[Work required]: All lines in the records below from the line with "Bei uns dreht" through the line with "12 月 12 日,因重大违法被强制退市的广东紫晶信息存储技术股份有限公司发布重大诉讼进展公告。" are to be given again exactly, both ends included; the pictures are to be left out.

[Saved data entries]
++++++++
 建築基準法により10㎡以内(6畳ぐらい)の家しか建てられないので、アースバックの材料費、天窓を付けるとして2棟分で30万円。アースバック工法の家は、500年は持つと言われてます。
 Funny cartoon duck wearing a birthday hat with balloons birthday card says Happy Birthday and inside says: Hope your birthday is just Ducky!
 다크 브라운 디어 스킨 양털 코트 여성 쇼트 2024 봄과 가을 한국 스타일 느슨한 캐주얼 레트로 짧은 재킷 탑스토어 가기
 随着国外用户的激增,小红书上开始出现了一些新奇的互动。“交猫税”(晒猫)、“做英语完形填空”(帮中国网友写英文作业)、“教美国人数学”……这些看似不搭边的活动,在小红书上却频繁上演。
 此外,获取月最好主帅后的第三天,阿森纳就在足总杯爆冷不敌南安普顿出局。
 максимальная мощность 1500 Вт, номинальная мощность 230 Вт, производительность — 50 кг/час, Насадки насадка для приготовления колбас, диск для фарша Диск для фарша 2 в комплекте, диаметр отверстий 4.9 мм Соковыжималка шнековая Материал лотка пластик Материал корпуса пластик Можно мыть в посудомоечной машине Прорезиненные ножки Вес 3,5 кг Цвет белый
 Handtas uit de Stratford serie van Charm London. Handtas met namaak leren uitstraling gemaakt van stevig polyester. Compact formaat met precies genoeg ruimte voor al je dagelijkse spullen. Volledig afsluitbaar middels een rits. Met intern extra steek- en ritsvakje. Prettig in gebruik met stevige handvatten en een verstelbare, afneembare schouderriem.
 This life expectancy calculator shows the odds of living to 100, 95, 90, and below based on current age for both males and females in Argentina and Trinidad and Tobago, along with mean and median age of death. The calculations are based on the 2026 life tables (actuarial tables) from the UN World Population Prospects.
++++++++
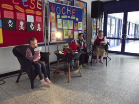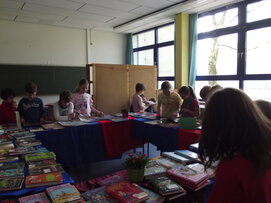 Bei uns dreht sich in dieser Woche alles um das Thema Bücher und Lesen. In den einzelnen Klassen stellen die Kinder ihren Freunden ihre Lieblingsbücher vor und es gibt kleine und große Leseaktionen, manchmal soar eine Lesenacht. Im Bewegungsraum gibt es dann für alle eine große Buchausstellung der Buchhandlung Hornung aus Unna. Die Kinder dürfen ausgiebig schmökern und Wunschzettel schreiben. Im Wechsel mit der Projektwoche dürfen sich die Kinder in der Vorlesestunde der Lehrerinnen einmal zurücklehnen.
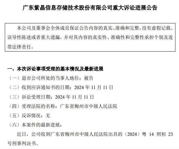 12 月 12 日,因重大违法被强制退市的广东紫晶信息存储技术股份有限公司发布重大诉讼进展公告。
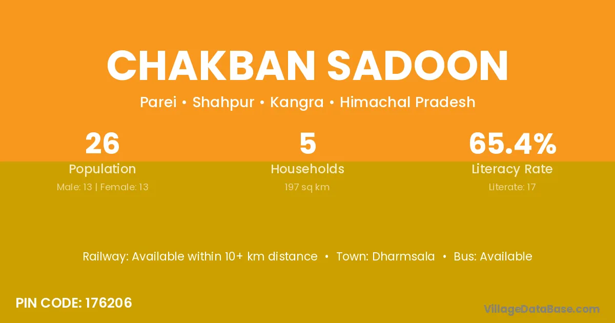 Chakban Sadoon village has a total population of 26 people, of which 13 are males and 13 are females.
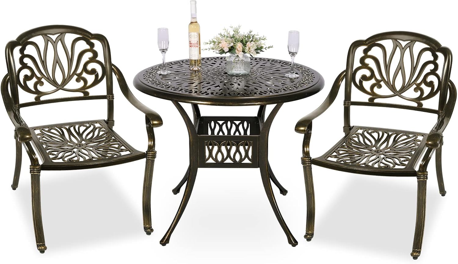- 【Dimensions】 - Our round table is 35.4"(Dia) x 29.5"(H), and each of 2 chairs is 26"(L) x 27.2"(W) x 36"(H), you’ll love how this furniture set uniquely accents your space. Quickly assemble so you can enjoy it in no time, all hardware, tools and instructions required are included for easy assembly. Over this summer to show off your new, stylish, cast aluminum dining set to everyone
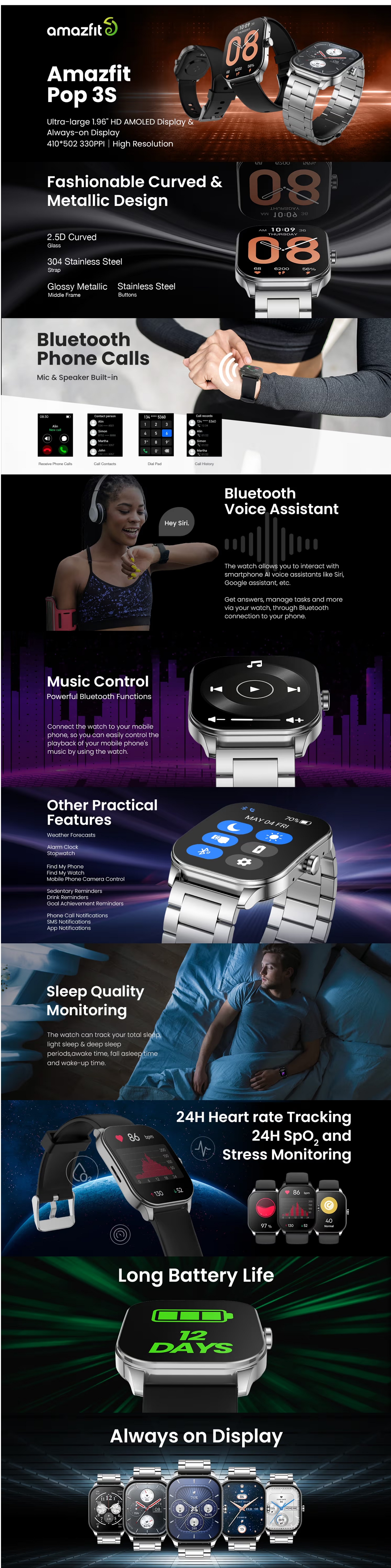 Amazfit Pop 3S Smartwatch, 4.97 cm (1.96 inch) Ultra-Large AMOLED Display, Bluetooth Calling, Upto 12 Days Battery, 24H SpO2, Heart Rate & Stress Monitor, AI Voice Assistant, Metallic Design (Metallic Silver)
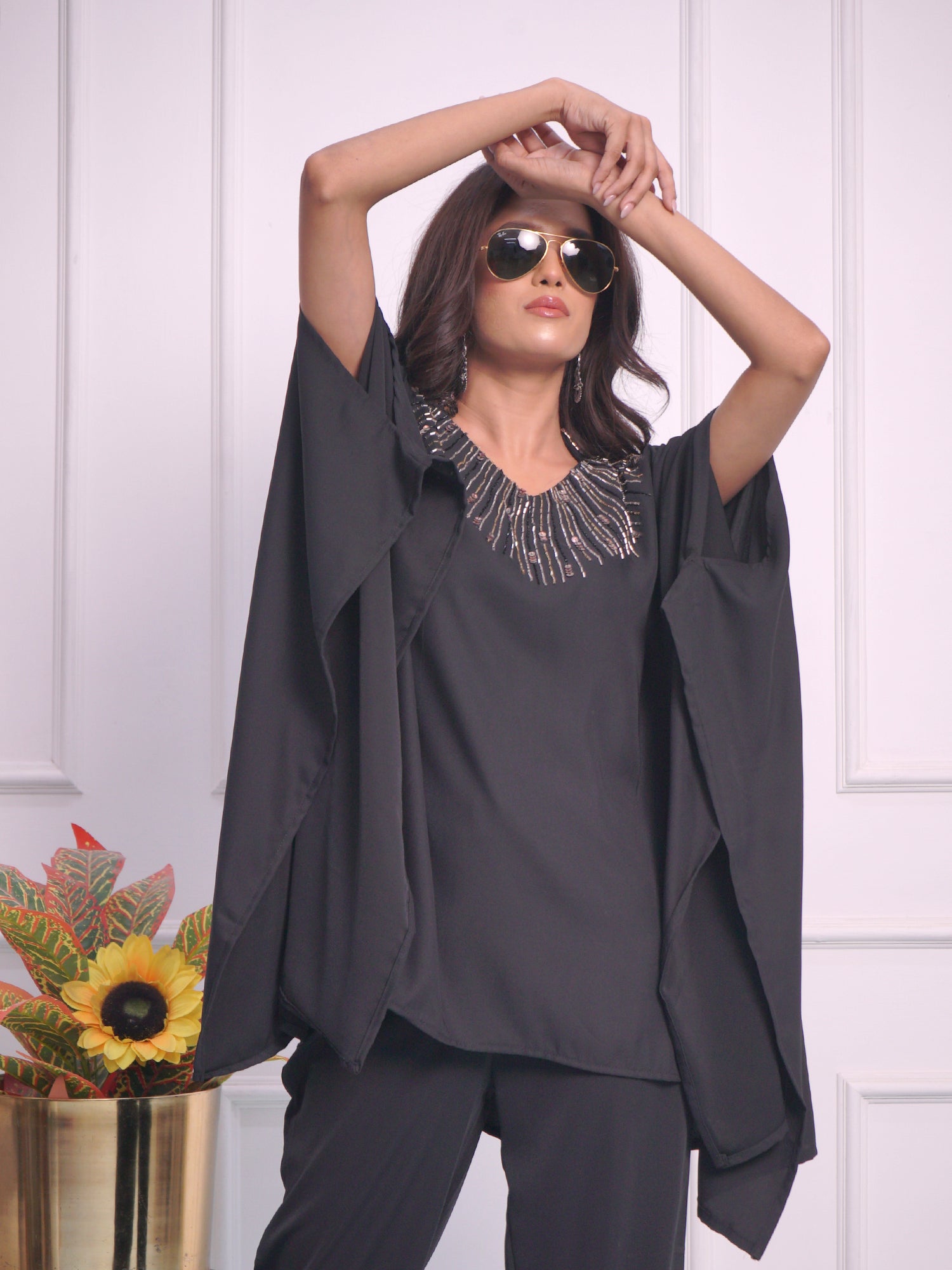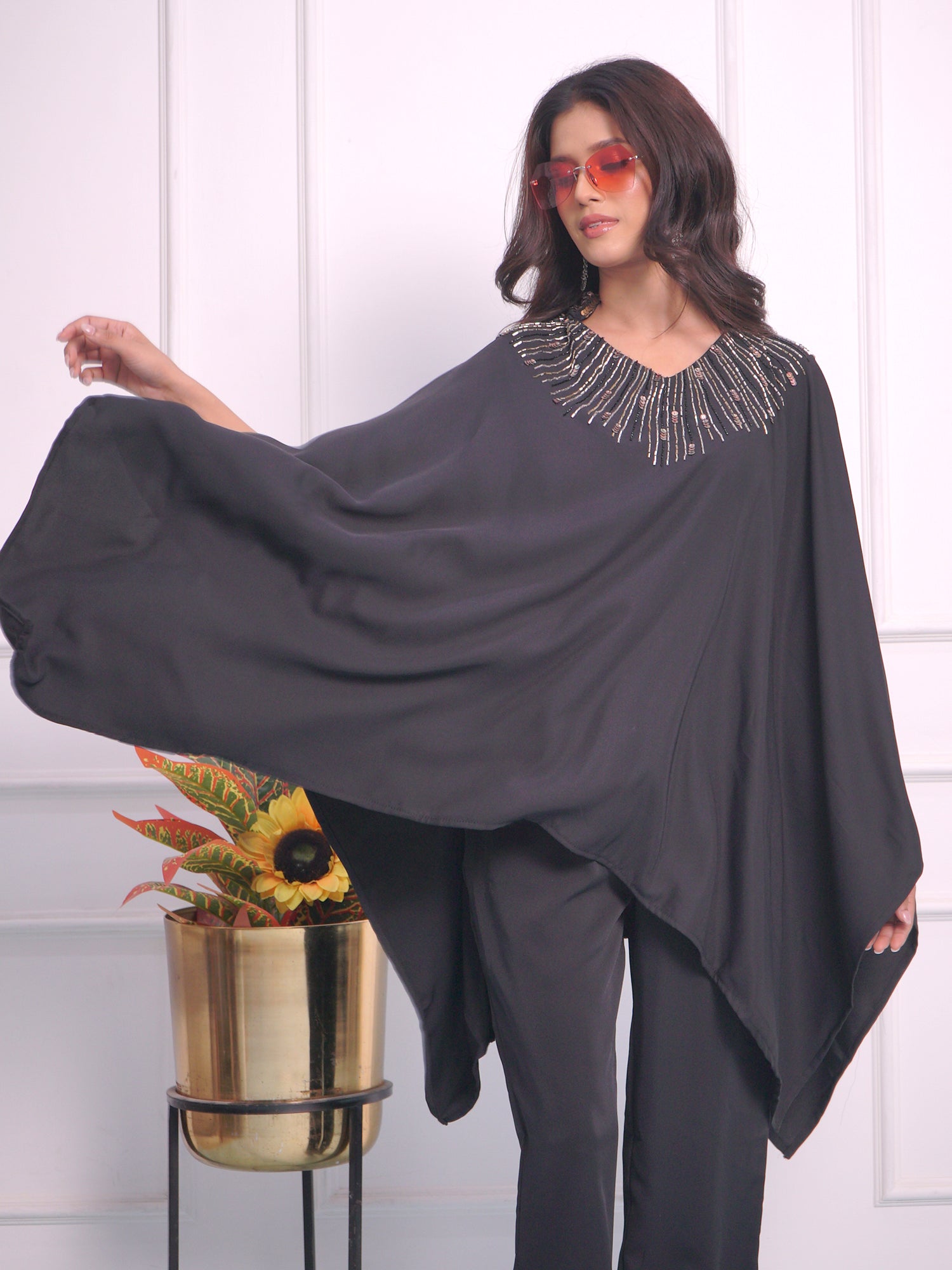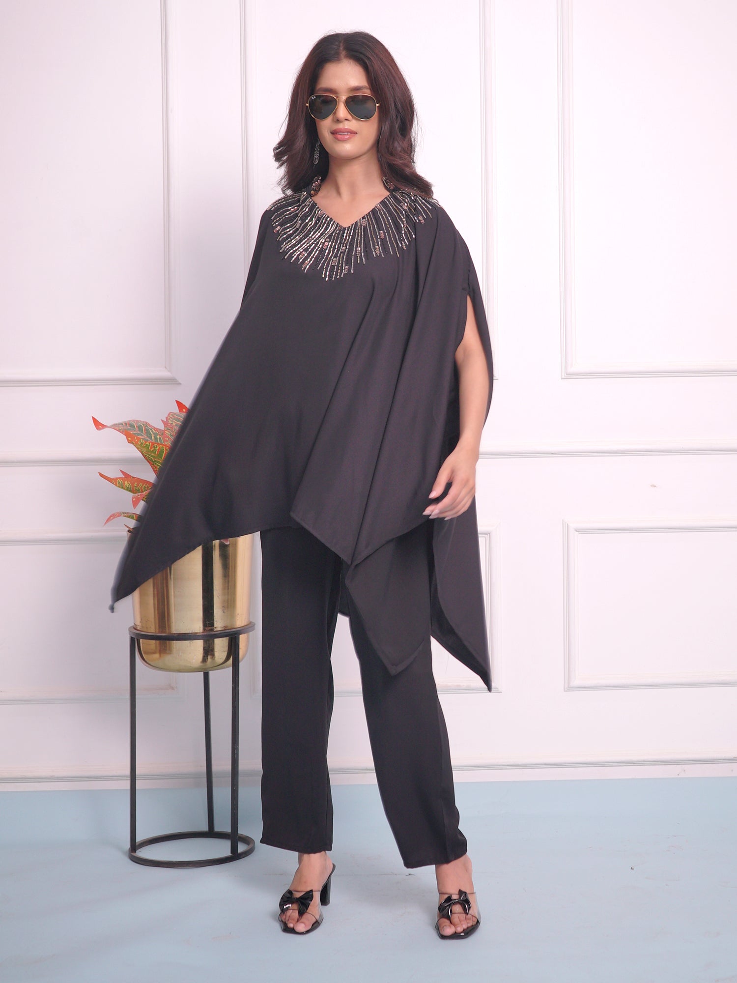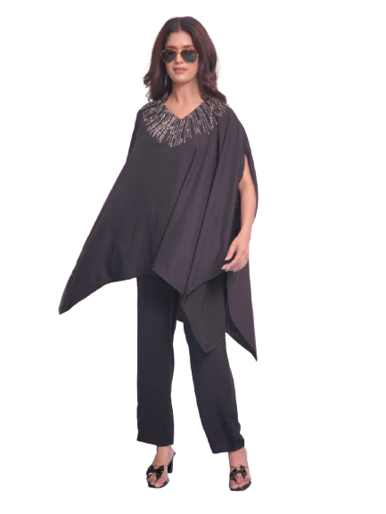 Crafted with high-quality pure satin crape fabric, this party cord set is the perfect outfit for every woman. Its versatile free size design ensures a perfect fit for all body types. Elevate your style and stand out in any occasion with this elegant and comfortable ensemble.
++++++++
[Solution for this exercise]:
 Bei uns dreht sich in dieser Woche alles um das Thema Bücher und Lesen. In den einzelnen Klassen stellen die Kinder ihren Freunden ihre Lieblingsbücher vor und es gibt kleine und große Leseaktionen, manchmal soar eine Lesenacht. Im Bewegungsraum gibt es dann für alle eine große Buchausstellung der Buchhandlung Hornung aus Unna. Die Kinder dürfen ausgiebig schmökern und Wunschzettel schreiben. Im Wechsel mit der Projektwoche dürfen sich die Kinder in der Vorlesestunde der Lehrerinnen einmal zurücklehnen.
 12 月 12 日,因重大违法被强制退市的广东紫晶信息存储技术股份有限公司发布重大诉讼进展公告。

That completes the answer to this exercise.